[Records from a collection]
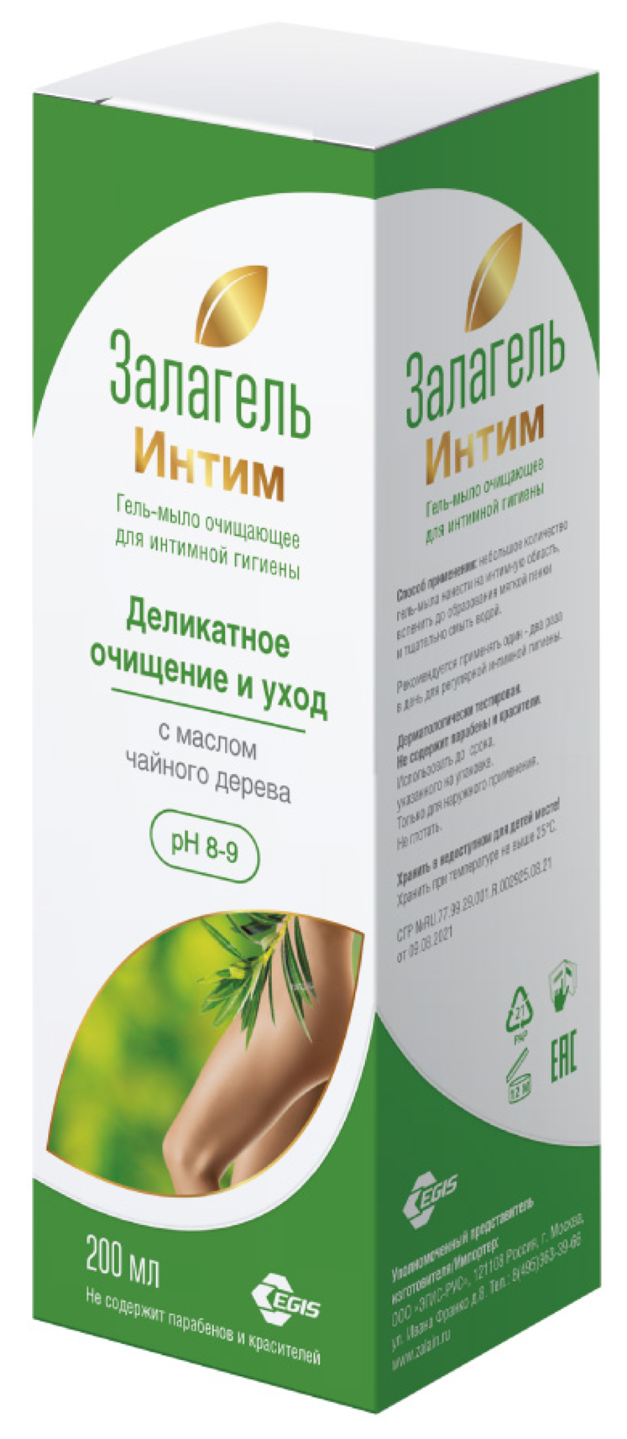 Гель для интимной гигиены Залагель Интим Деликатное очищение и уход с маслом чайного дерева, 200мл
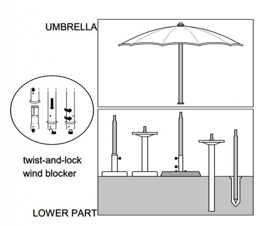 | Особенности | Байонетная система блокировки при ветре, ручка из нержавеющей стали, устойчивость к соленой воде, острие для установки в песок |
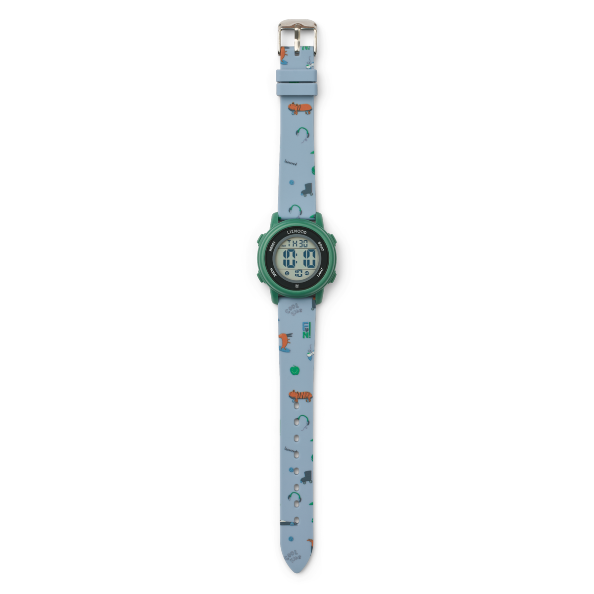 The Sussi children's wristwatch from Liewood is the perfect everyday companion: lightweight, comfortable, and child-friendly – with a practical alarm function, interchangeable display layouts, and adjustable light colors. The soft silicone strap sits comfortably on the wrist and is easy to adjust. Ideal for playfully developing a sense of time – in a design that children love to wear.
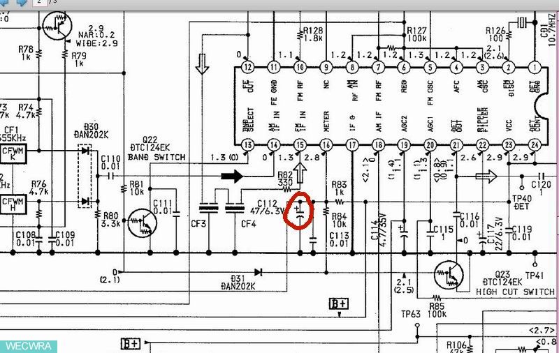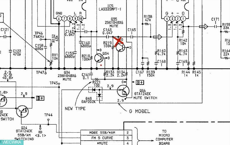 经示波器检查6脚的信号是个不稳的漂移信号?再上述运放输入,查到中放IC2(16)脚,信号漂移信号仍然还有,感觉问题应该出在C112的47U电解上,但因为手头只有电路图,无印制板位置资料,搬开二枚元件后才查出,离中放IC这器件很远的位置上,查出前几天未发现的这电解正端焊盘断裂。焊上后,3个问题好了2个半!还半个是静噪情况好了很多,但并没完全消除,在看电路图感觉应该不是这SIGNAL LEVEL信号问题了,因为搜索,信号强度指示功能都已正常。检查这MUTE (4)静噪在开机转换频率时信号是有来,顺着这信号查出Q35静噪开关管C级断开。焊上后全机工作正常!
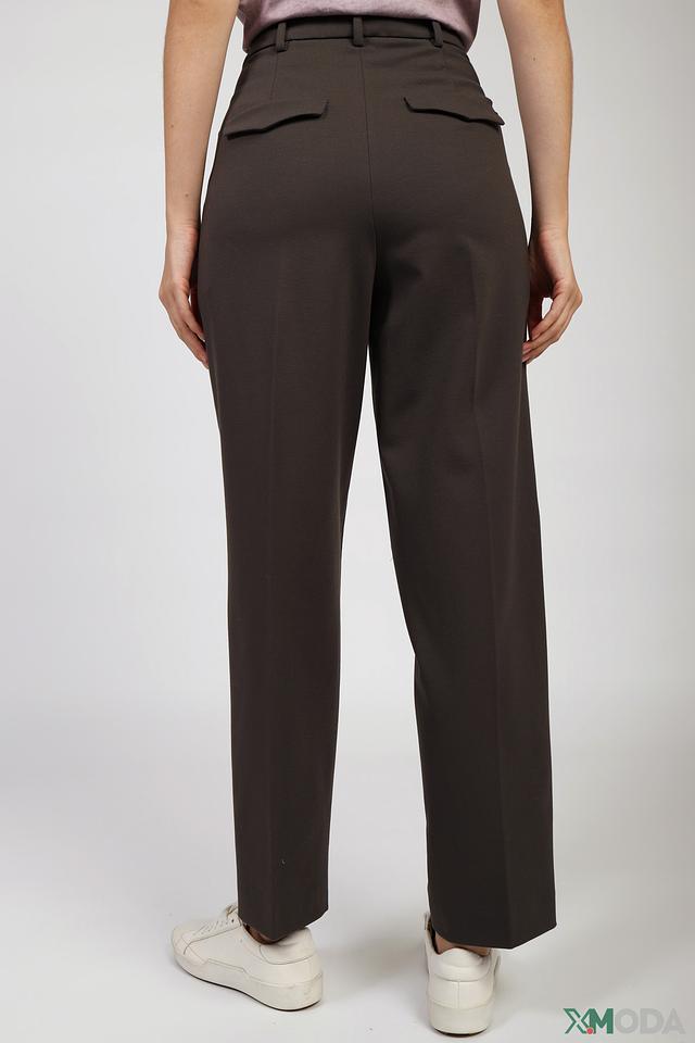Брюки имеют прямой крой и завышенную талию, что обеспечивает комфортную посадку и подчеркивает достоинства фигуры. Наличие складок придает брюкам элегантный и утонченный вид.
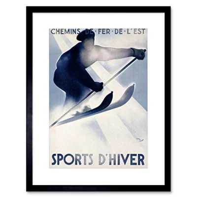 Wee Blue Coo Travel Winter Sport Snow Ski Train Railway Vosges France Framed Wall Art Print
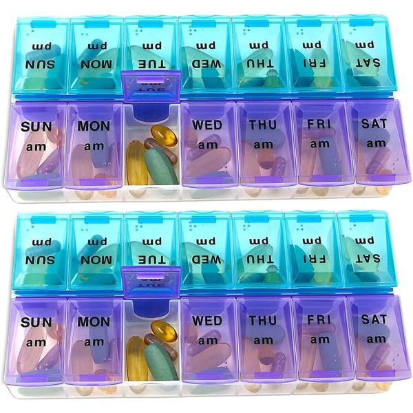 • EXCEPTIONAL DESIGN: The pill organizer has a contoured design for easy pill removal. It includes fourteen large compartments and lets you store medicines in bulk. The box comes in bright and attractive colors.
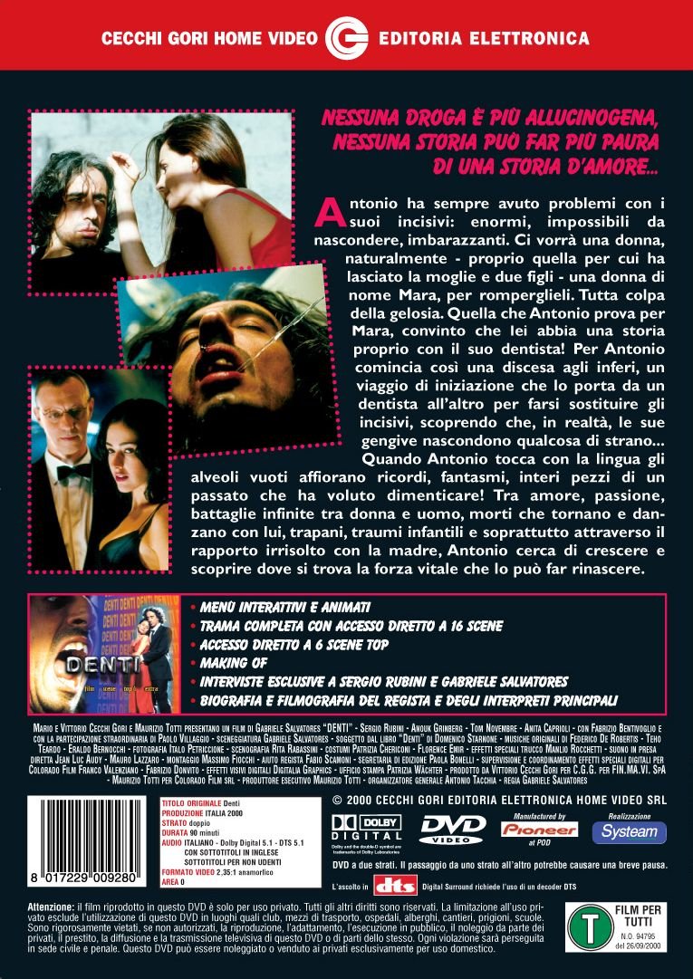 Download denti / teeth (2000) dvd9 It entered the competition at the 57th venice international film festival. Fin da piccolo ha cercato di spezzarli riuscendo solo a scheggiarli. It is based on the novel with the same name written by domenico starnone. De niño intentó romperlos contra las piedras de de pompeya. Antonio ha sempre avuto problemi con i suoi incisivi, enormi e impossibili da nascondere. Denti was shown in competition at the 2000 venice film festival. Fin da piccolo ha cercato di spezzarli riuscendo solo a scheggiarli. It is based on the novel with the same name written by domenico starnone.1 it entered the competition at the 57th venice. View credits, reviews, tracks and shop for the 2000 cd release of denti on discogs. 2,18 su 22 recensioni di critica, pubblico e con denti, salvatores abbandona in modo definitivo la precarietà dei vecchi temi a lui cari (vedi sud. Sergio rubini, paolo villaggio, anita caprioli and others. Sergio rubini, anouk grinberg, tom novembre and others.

Problem details: From the first line to the last, set down the data exactly, without the pictures.

Task solution:
 Гель для интимной гигиены Залагель Интим Деликатное очищение и уход с маслом чайного дерева, 200мл
 | Особенности | Байонетная система блокировки при ветре, ручка из нержавеющей стали, устойчивость к соленой воде, острие для установки в песок |
 The Sussi children's wristwatch from Liewood is the perfect everyday companion: lightweight, comfortable, and child-friendly – with a practical alarm function, interchangeable display layouts, and adjustable light colors. The soft silicone strap sits comfortably on the wrist and is easy to adjust. Ideal for playfully developing a sense of time – in a design that children love to wear.
 经示波器检查6脚的信号是个不稳的漂移信号?再上述运放输入,查到中放IC2(16)脚,信号漂移信号仍然还有,感觉问题应该出在C112的47U电解上,但因为手头只有电路图,无印制板位置资料,搬开二枚元件后才查出,离中放IC这器件很远的位置上,查出前几天未发现的这电解正端焊盘断裂。焊上后,3个问题好了2个半!还半个是静噪情况好了很多,但并没完全消除,在看电路图感觉应该不是这SIGNAL LEVEL信号问题了,因为搜索,信号强度指示功能都已正常。检查这MUTE (4)静噪在开机转换频率时信号是有来,顺着这信号查出Q35静噪开关管C级断开。焊上后全机工作正常!
Брюки имеют прямой крой и завышенную талию, что обеспечивает комфортную посадку и подчеркивает достоинства фигуры. Наличие складок придает брюкам элегантный и утонченный вид.
 Wee Blue Coo Travel Winter Sport Snow Ski Train Railway Vosges France Framed Wall Art Print
 • EXCEPTIONAL DESIGN: The pill organizer has a contoured design for easy pill removal. It includes fourteen large compartments and lets you store medicines in bulk. The box comes in bright and attractive colors.
 Download denti / teeth (2000) dvd9 It entered the competition at the 57th venice international film festival. Fin da piccolo ha cercato di spezzarli riuscendo solo a scheggiarli. It is based on the novel with the same name written by domenico starnone. De niño intentó romperlos contra las piedras de de pompeya. Antonio ha sempre avuto problemi con i suoi incisivi, enormi e impossibili da nascondere. Denti was shown in competition at the 2000 venice film festival. Fin da piccolo ha cercato di spezzarli riuscendo solo a scheggiarli. It is based on the novel with the same name written by domenico starnone.1 it entered the competition at the 57th venice. View credits, reviews, tracks and shop for the 2000 cd release of denti on discogs. 2,18 su 22 recensioni di critica, pubblico e con denti, salvatores abbandona in modo definitivo la precarietà dei vecchi temi a lui cari (vedi sud. Sergio rubini, paolo villaggio, anita caprioli and others. Sergio rubini, anouk grinberg, tom novembre and others.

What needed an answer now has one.